Awal bulan ini, para eksekutif dari beberapa perusahaan teknologi besar paling berpengaruh bertemu dengan pemerintahan Biden untuk membahas strategi menghadapi krisis yang akan datang yang disebabkan oleh pelatihan kecerdasan buatan yang intensif energi.
Kepala Staf Gedung Putih Jeff Zients, Penasihat Ekonomi Nasional Lael Brainard, Penasihat Iklim Nasional Ali Zaidi, Penasihat Senior Presiden untuk Kebijakan Iklim Internasional John Podesta dan pejabat pemerintah lainnya bertemu dengan banyak pemimpin industri teknologi, termasuk Presiden Alphabet Ruth Porat, Amazon Web Kepala Eksekutif Layanan CEO Matt Garman dan CEO OpenAI Sam Altman.
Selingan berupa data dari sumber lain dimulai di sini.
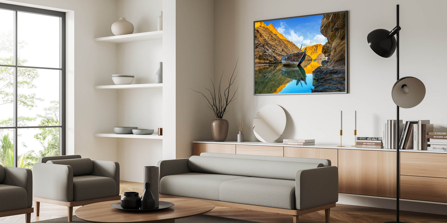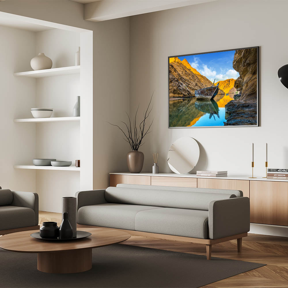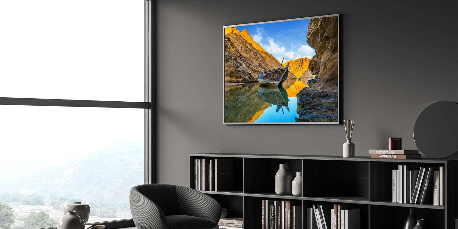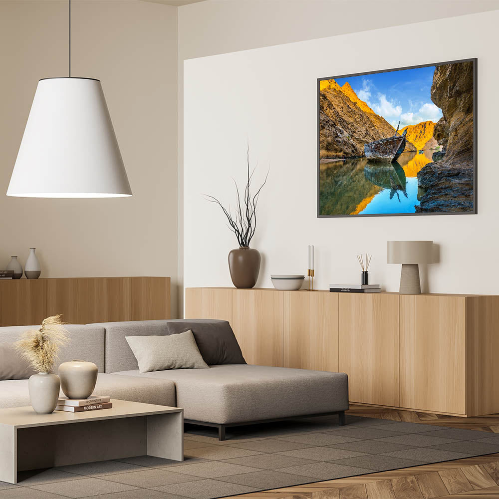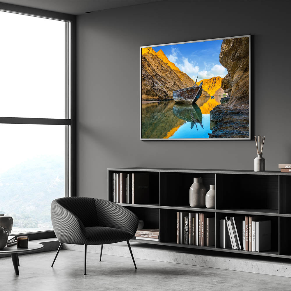 Capture the rugged beauty of Oman’s hidden fjords with this stunning wall art, featuring an abandoned boat peacefully resting in the calm waters beneath towering cliffs. This high-quality Oman wall art combines the serenity of the natural landscape with the weathered charm of the old boat, creating a captivating scene that draws viewers in. Perfect for lovers of both adventure and tranquility, this artwork brings the beauty of the Arabian Peninsula’s coastal wilderness into your home.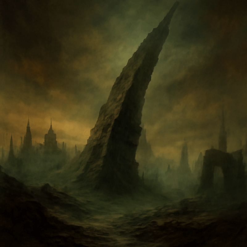 Once a towering sentinel over the city, the spire now leans precariously, its stones fractured and cloaked in an unnatural haze, harboring silent, malevolent forces.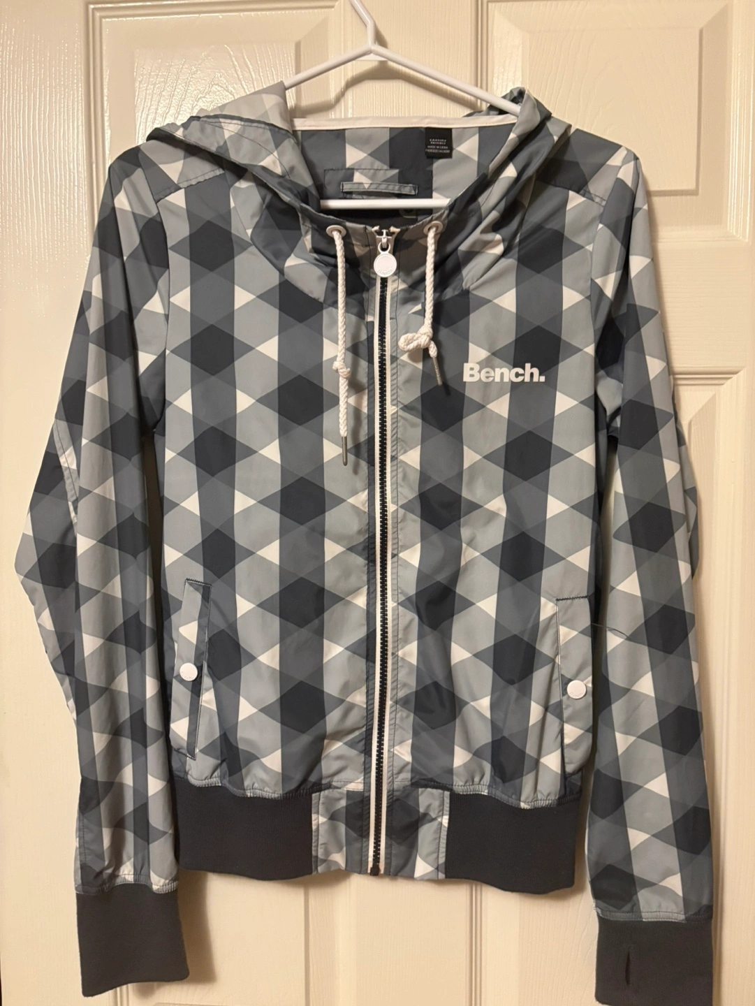 Lightweight hooded jacket. Zip-up front. Gray and white geometric pattern. Two pockets. Elastic waistband and cuffs. Like new condition, Pat and smoke-free home size small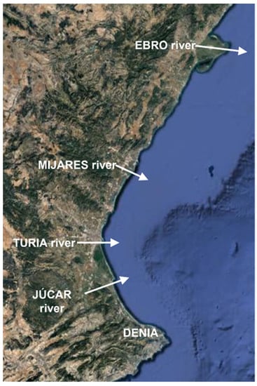 Results of the mineralogic analysis of the sediments in the Valencia Oval show that the most important contributing rivers are the Ebro, Mijares, Turia, and Júcar. Sediments from the Ebro reach the most southerly beaches in the Oval. The Mijares previously fed beaches to the north and presently the Turia and Júcar provide almost nothing, based on the results of the analysis of tourmaline, which is only present in the Ebro and Míjares. Some studies evaluated the volumes of sediments in dams and hydrographic basins [], giving details of the landslides in the Ebro Basin, along with the names of the dams, their initial capacities in hm3, the volume of the landslides in hm3, the year of the evaluation, and the dams’ percentage of lost volume. The average landslide volume was estimated to be 0.54 hm3/year.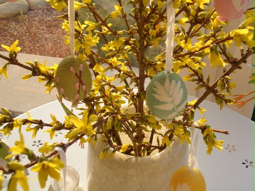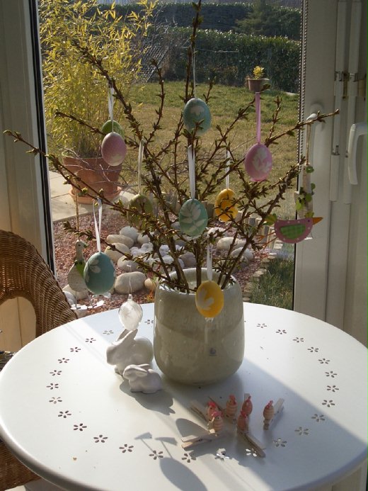 復活節一接近 ' 一些可愛的東西 ' 溫柔的色彩 ' 春天的新生命就會出現 ' 花園的黃花樹修剪下來的樹枝 ' 加上一些彩蛋 ' 就成了蛋蛋樹 ' 這是瑞士一般的習俗 ' 復活節的裝飾 '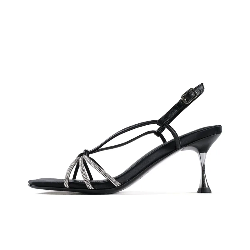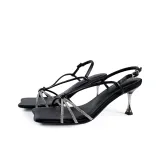 CICIFOR 모로칸 다이아몬드 패턴 Sea 일자 스트랩 샌들 7CM 여성 블랙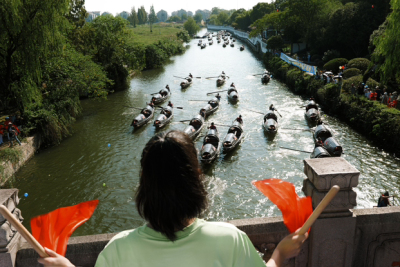 国庆节来临之际,东湖景区以“千年运河 乌篷竞渡”为主题,策划推出“2025第二届绍兴乌篷船马拉松邀请赛”,展现运河文化源远流长,乌篷船非遗技艺薪火相传,水上旅游蓬勃发展的盛况。
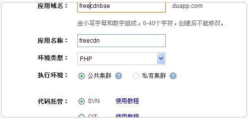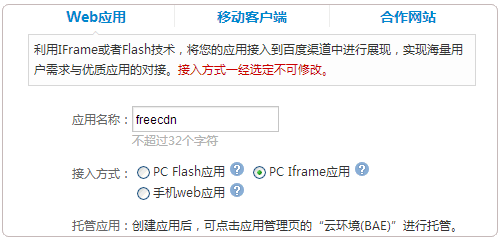 3、先在百度BAE空間上創建一個應用。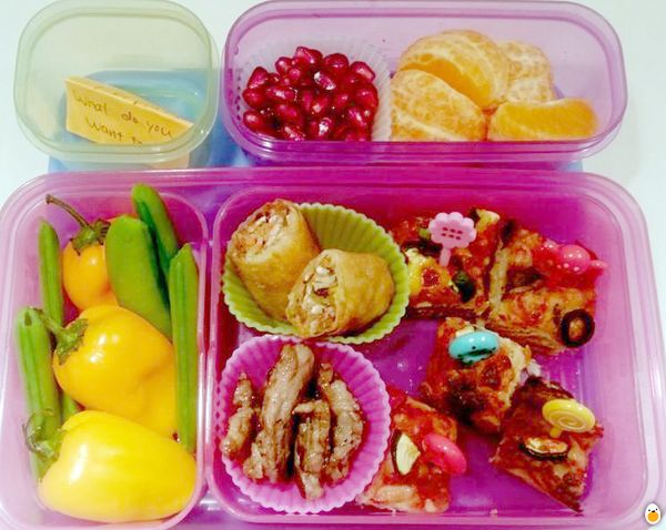 Pizza bread I found in downtown yesterday. A spring rolls, Korean BBQ kalbi, boiled sugar peas and fresh bell peppers. Mandarin oranges and pomegranate for dessert.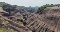 飛天山丹霞地貌區(qū)南西距郴州市25公里,面積48平方公里。屬紅巖丘陵地貌,地貌被大自然鬼斧神工雕刻成似人、似獸、似物、似禽,栩栩如生。主要丹霞地貌類型為寨(堡),它們坐落有序,寨身陡峭,紅崖赤壁,寨頂綠樹當(dāng)華蓋。不少寨頂溶蝕成渾圓形洼坑。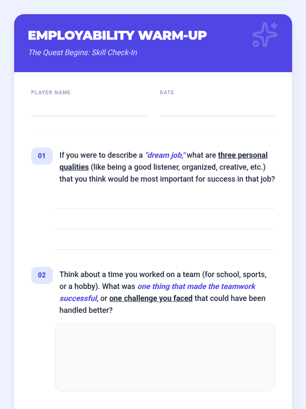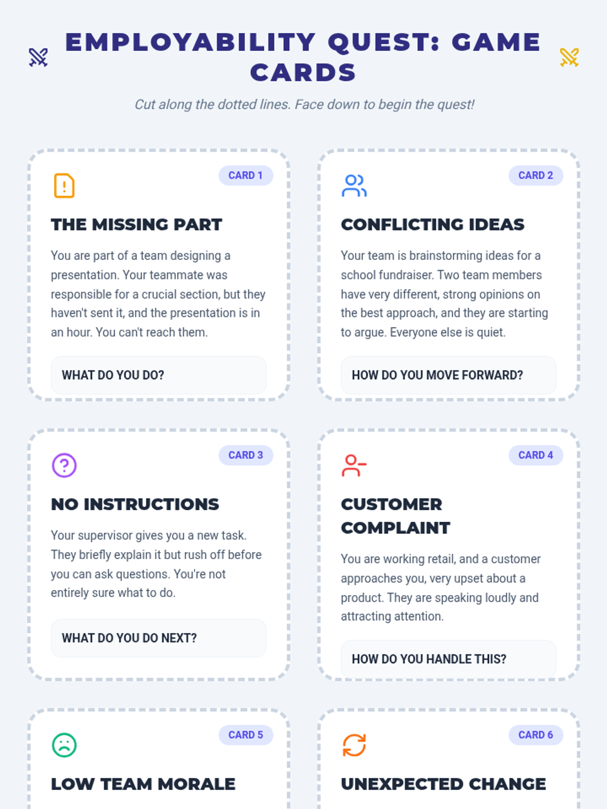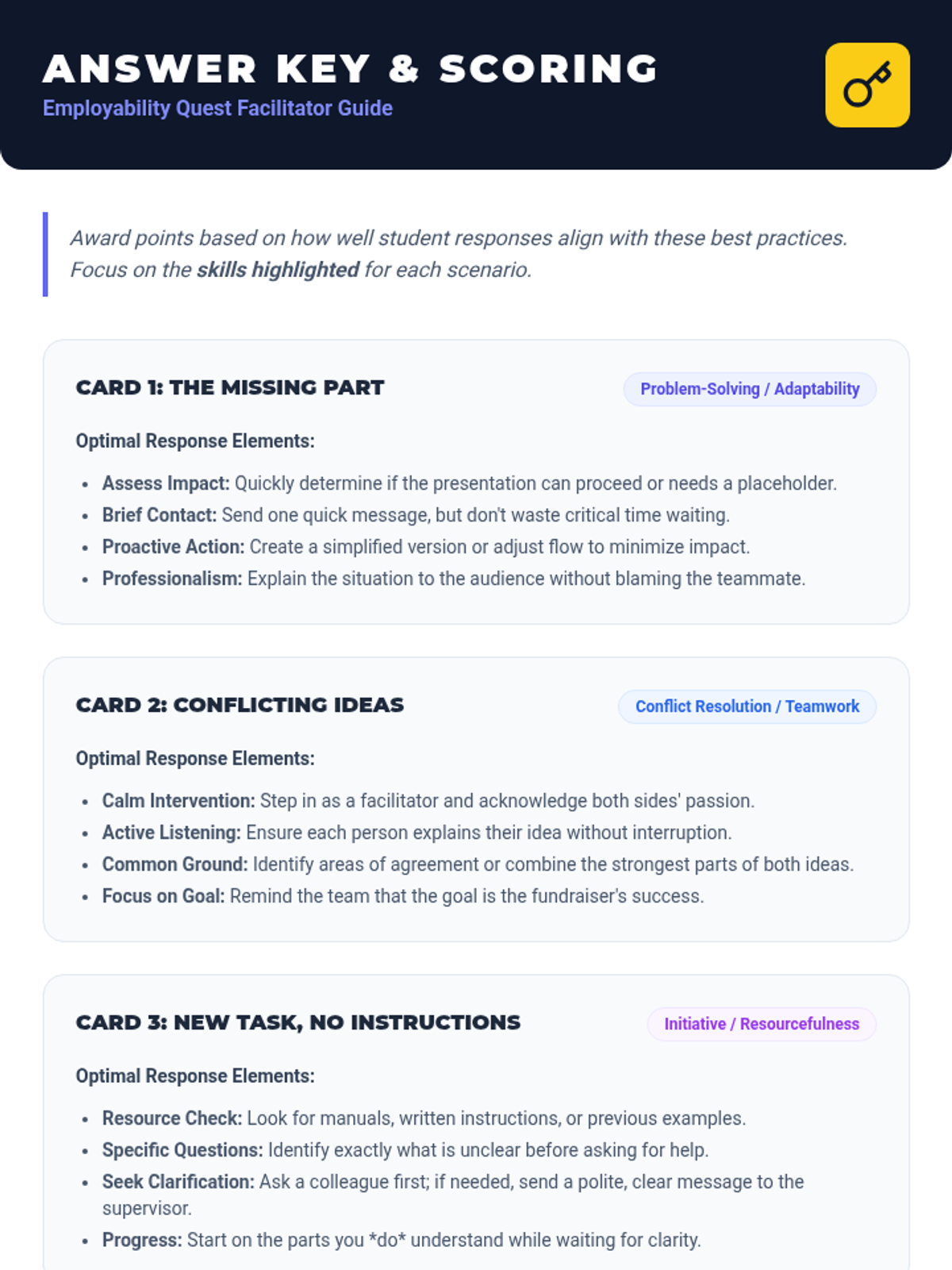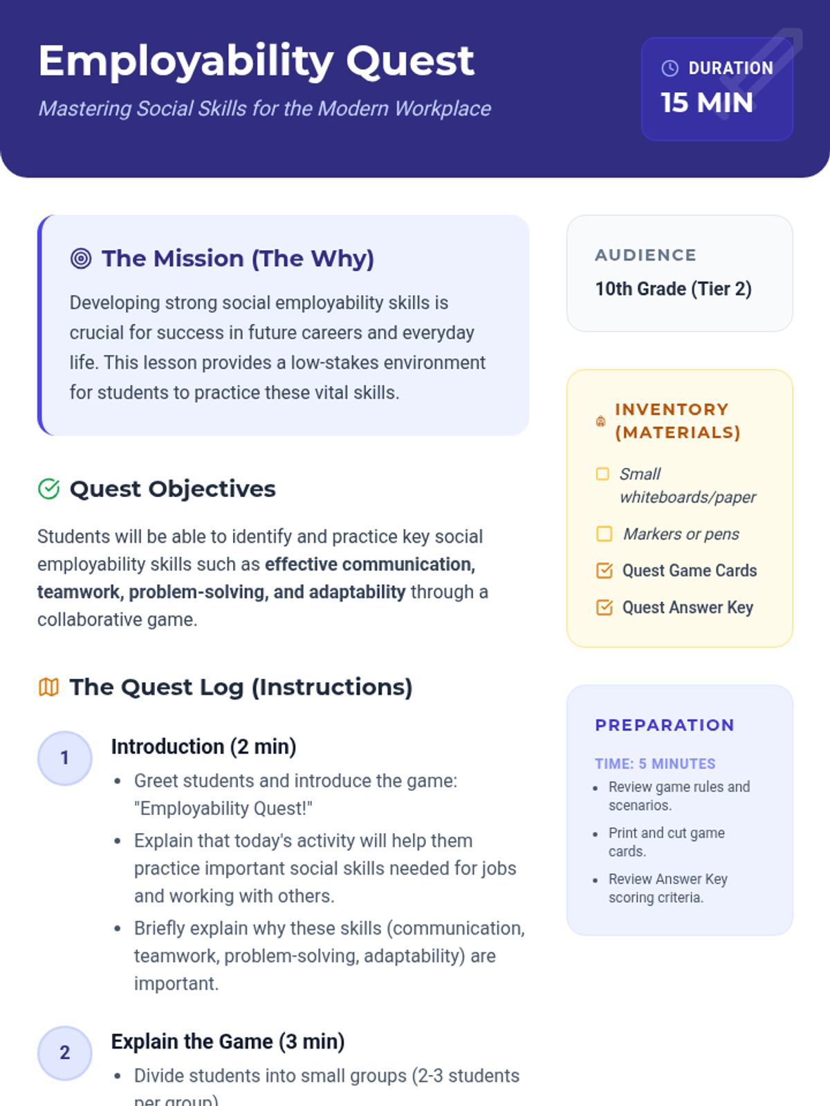 A high-energy, 15-minute game-based lesson designed for 10th-grade Tier 2 small groups to practice communication, teamwork, and problem-solving through workplace scenarios.

Ini bukan pertama kalinya pemerintahan Biden bermitra dengan perusahaan-perusahaan besar untuk mengatasi masalah energi sambil menyusun kebijakan yang meniadakan upaya mereka sendiri untuk memperkuat basis industri dan energi AS.
OpenAI gembira karena pemerintahan Biden mengumumkan rencana untuk berinvestasi dalam proyek infrastruktur pusat data setelah diskusi tersebut. Sebagai tanggapan, OpenAI mengatakan kepada CNBC bahwa perusahaan “menghargainya[s] gedung Putih [for] Diselenggarakannya pertemuan ini mengakui prioritas infrastruktur dalam menciptakan lapangan kerja, membantu memastikan bahwa manfaat kecerdasan buatan didistribusikan secara luas, dan memastikan bahwa Amerika Serikat terus menjadi yang terdepan dalam inovasi kecerdasan buatan.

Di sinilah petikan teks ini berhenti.